▸ **Goal of the exercise**
Could you repeat the listing exactly, leaving out the pictures?

:: Material for this exercise ::

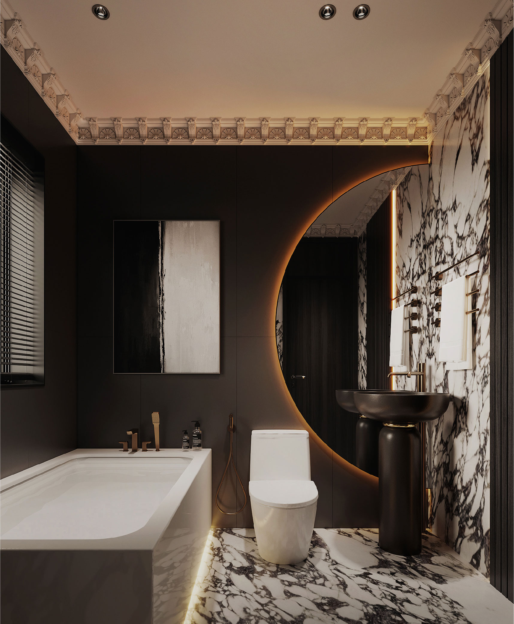 極具情調的精緻感徐徐環繞在這個深邃且極簡的洗浴室當中。在沉實的色調中,雲石牆身和地板為空間提供了簡約而尊貴的基調。另外,天花上的花線貫徹整體的優雅風格,確保了過渡的平滑與和諧。
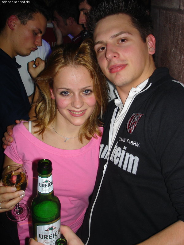 ein schönes klischebild, sie mit einem freundlichen lächeln und einem gläschen sekt,ich mit 68er pulli und gleich 2 mannemer bier...
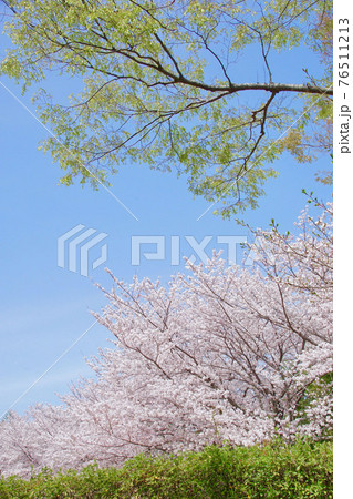 若葉に新緑 水面に映える景観 尾久の原公園 園児
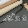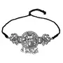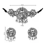 The silver oxidised choker necklace set consists of a necklace and a pair of earrings This stunning necklace set embodies the beauty of the ages with its oxidized metal finish that gives it a sense of timeless elegance. The intricately designed pendant tell a story of craftsmanship and artistry while the long chain drapes gracefully adding a touch of sophistication to any outfit The dark antiqued finish of the metal adds a touch of mystique echoing the aura of the festival's traditional rituals.. Paired with matching earrings this set is a masterpiece that transcends trends making you the center of attention wherever you go.The long chain adds a contemporary twist to the set while the earrings capture the same adventurous essence. Wear this set as a testament to your adventurous soul and your ability to find beauty in every corner of the world.
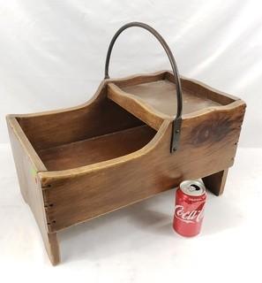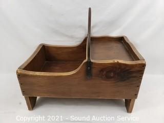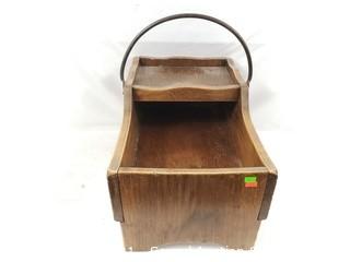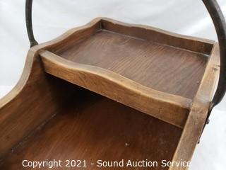 Lot #0239: Unique Wrought Iron Handle Wood Basket
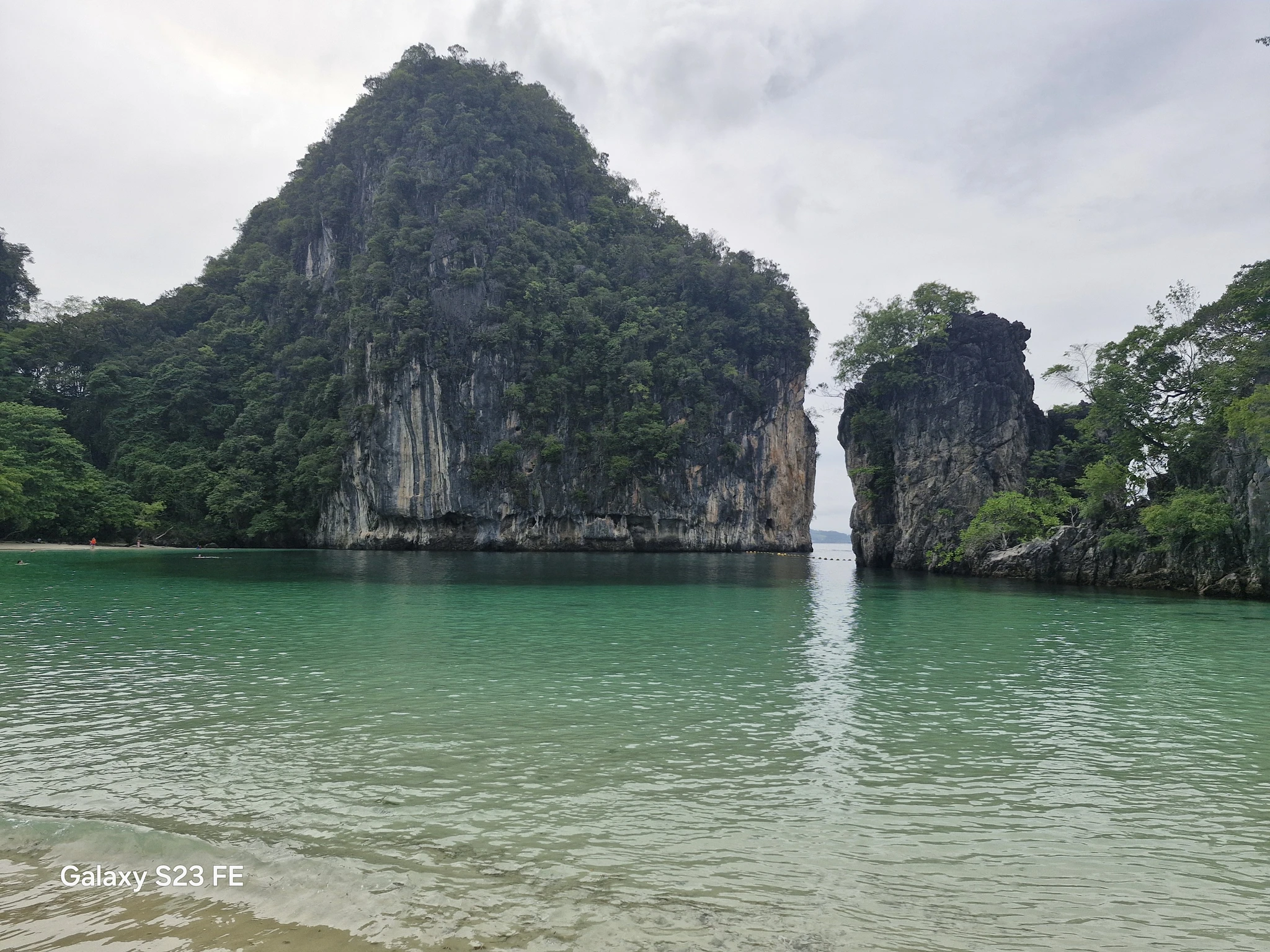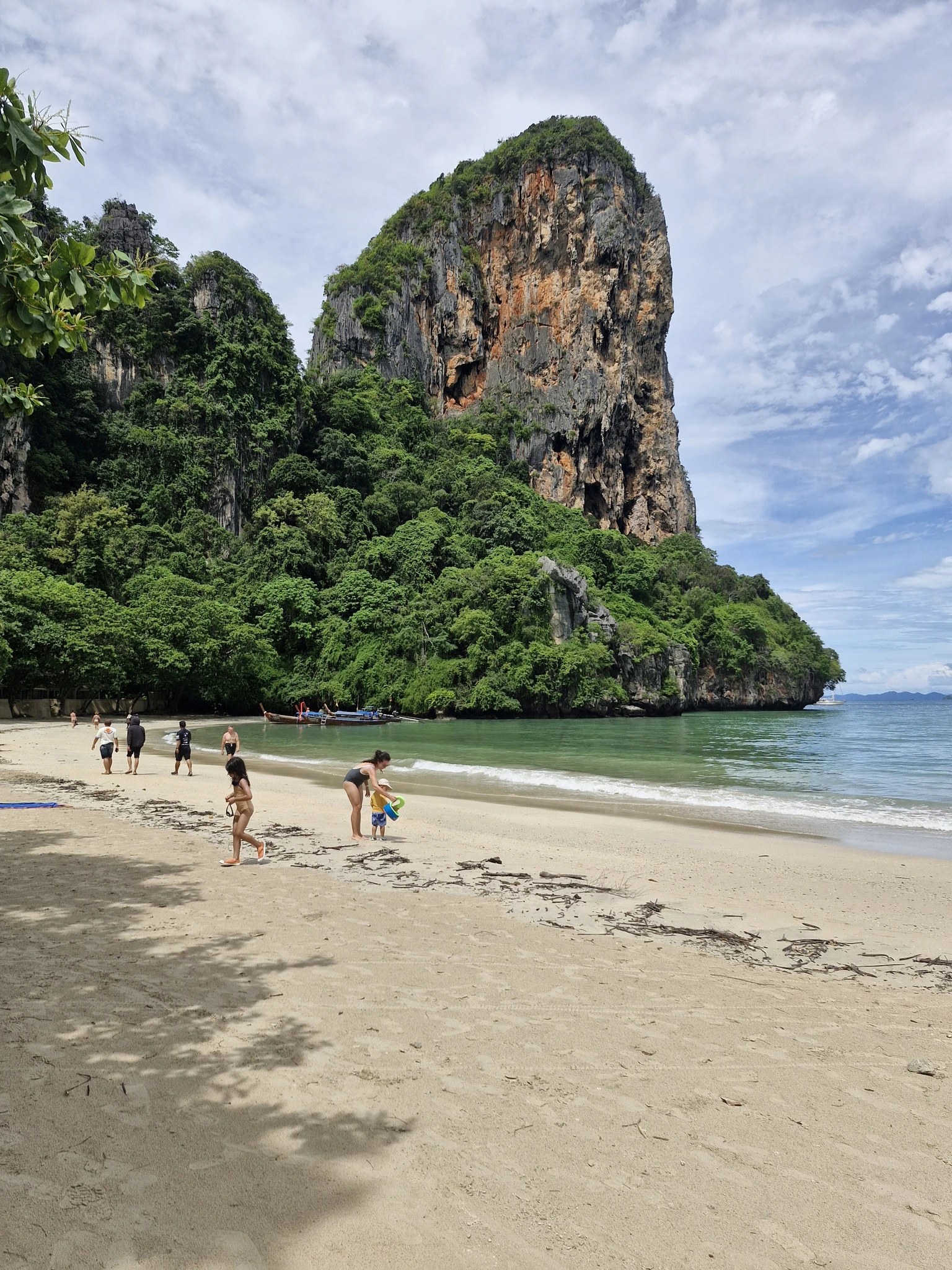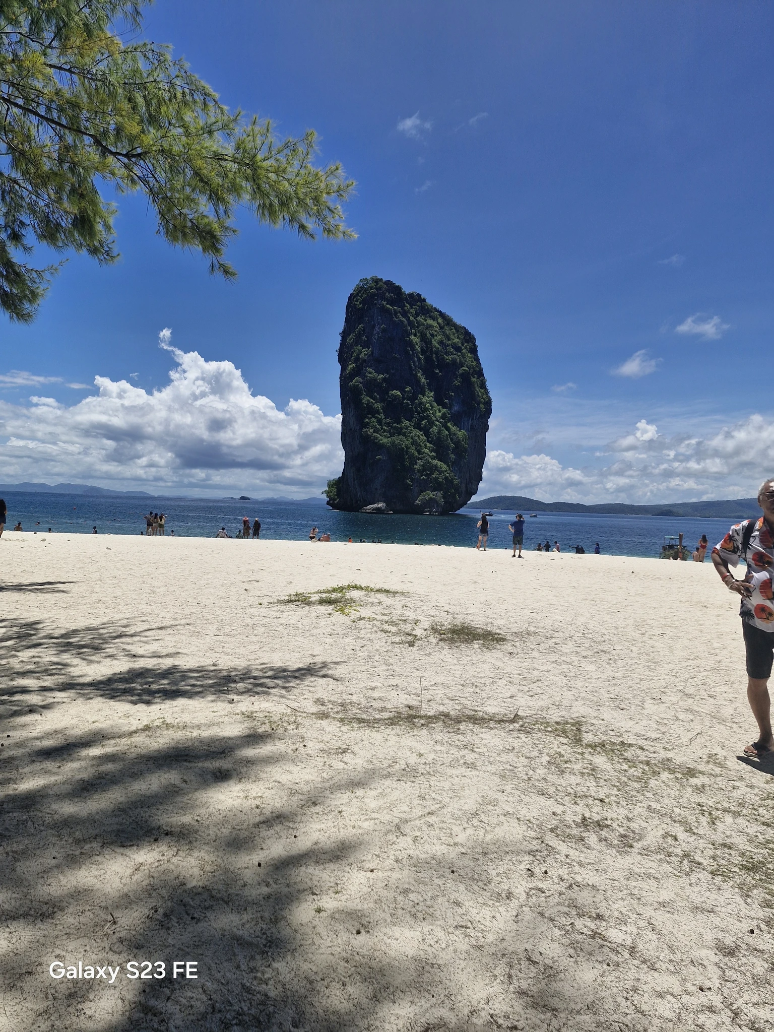 Место и правда классное! Широкий пляж с белым песком. Прямо напротив как дополнительное украшение ещё один остров в виде большого пальца из воды торчит. Кто был на Пхи-Пхи, видел такой посреди их бухты. Как сказал наш гид их палец не хуже.

:::

▸ **Written answer**
 極具情調的精緻感徐徐環繞在這個深邃且極簡的洗浴室當中。在沉實的色調中,雲石牆身和地板為空間提供了簡約而尊貴的基調。另外,天花上的花線貫徹整體的優雅風格,確保了過渡的平滑與和諧。
 ein schönes klischebild, sie mit einem freundlichen lächeln und einem gläschen sekt,ich mit 68er pulli und gleich 2 mannemer bier...
 若葉に新緑 水面に映える景観 尾久の原公園 園児
 The silver oxidised choker necklace set consists of a necklace and a pair of earrings This stunning necklace set embodies the beauty of the ages with its oxidized metal finish that gives it a sense of timeless elegance. The intricately designed pendant tell a story of craftsmanship and artistry while the long chain drapes gracefully adding a touch of sophistication to any outfit The dark antiqued finish of the metal adds a touch of mystique echoing the aura of the festival's traditional rituals.. Paired with matching earrings this set is a masterpiece that transcends trends making you the center of attention wherever you go.The long chain adds a contemporary twist to the set while the earrings capture the same adventurous essence. Wear this set as a testament to your adventurous soul and your ability to find beauty in every corner of the world.
 Lot #0239: Unique Wrought Iron Handle Wood Basket
 Место и правда классное! Широкий пляж с белым песком. Прямо напротив как дополнительное украшение ещё один остров в виде большого пальца из воды торчит. Кто был на Пхи-Пхи, видел такой посреди их бухты. Как сказал наш гид их палец не хуже.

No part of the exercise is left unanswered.